** EXERCISE OBJECTIVE **
The expected result is a verbatim repetition of the lines from the start of the entries through the line containing "Frangos e carnes", with the pictures removed.

Stored items from a collection:
════════════════════

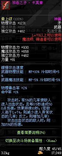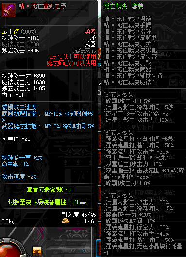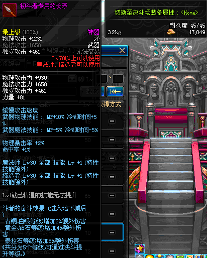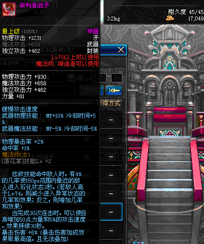 | 70 | 审判者战矛 | *Lv70~76普通地下城怪物掉落 *在加百利的神秘商店购买 |
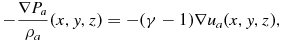 -\frac{\nabla P_{a}}{\rho _{a}} (x,y,z) = -(\gamma - 1) \nabla u_{a}(x,y,z),
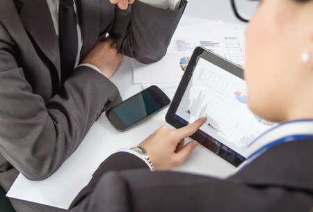 Businesswoman showing financial charts and documents in a digital tablet to the company boss
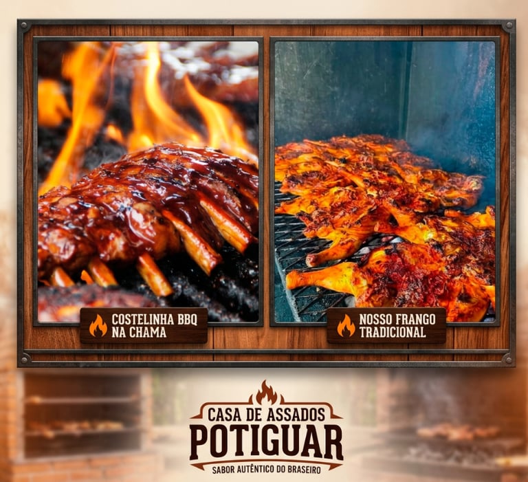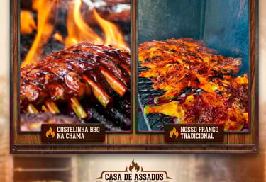 Frangos e carnes nobres com acompanhamentos feitos com carinho para celebrar cada momento.
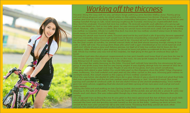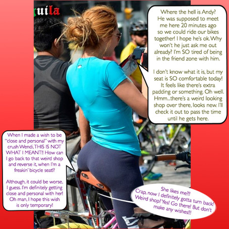 I paid the head of the garage sale and took it out while my roommate shook his head. As I started my way home I realised it had been a while since I had pedalled a bike as I was getting puffed. "On the path to a biker body." I told myself. "Why do bike seats have to squish your balls?" I whined. As I continued pedalling home I gained my second wind and began to feel lighter. At first, my arm and leg hair was getting tickled by the wind, but soon they felt smooth, I assumed they must be slicked down by the sweat. My shorts and t-shirt began to feel very tight and riding up my legs, I never felt a t-shirt so tight around my chest before which was odd. As I continued to ride home I noticed men and teenage boys looking at me funny, maybe my roomy was right about the bike's colour, I am more used to people taking no notice of me. As I neared home the handlebars felt bigger in my hands for a reason I could not fathom, the pedals too. I noticed a car seemed to be slowly following me. I pulled onto the pavement next to the shared house. I heard a voice holler "Hey there hot stuff!" As I looked behind me something brushed over my shoulder, I saw that the idiot in the car was my roommate parking, I thought in his car he would get back before me, I had left my key behind, so I asked him "Can you let me inside?" gee getting puffed makes me squeaky I thought.
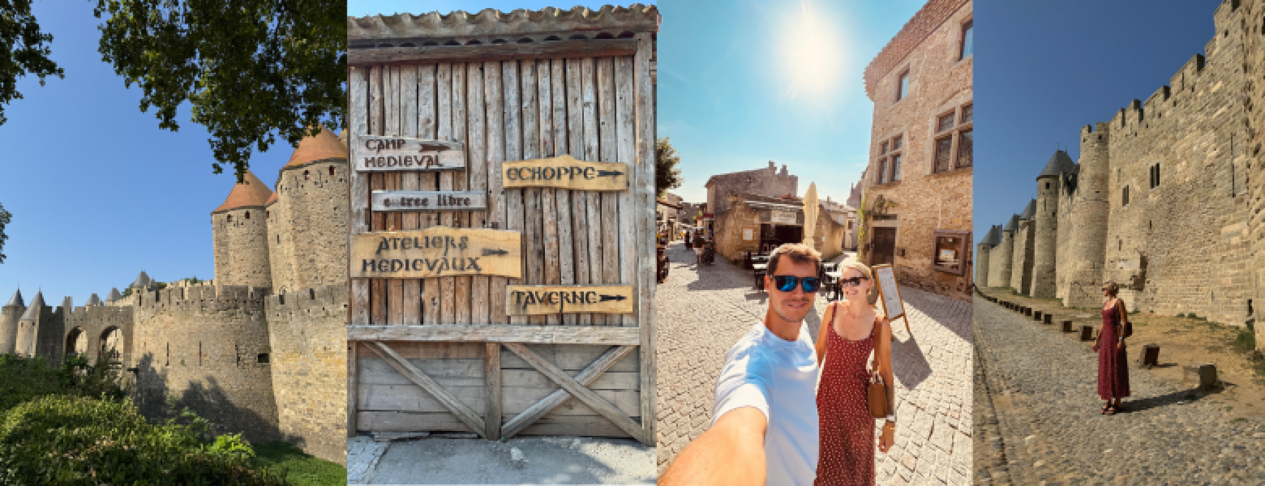 A vseeno nama to ni pokvarilo dneva. Dopoldne sva preživela v mestu Carcassonne. Parkirala sva 2 km od obzidja, ob javnem kopališču (📍lokacija: 22 Rue du Général Laperrine, 11000 Carcassonne, Francija). Mesto naju je očaralo – gre za srednjeveško mestece znotraj mesta, ki dejansko živi. Če izvzamem nekaj turističnih trgovinic, imaš res občutek, da si vstopil v drug čas.

════════════════════

** RESULT OF THIS TASK **
 | 70 | 审判者战矛 | *Lv70~76普通地下城怪物掉落 *在加百利的神秘商店购买 |
 -\frac{\nabla P_{a}}{\rho _{a}} (x,y,z) = -(\gamma - 1) \nabla u_{a}(x,y,z),
 Businesswoman showing financial charts and documents in a digital tablet to the company boss
 Frangos e carnes nobres com acompanhamentos feitos com carinho para celebrar cada momento.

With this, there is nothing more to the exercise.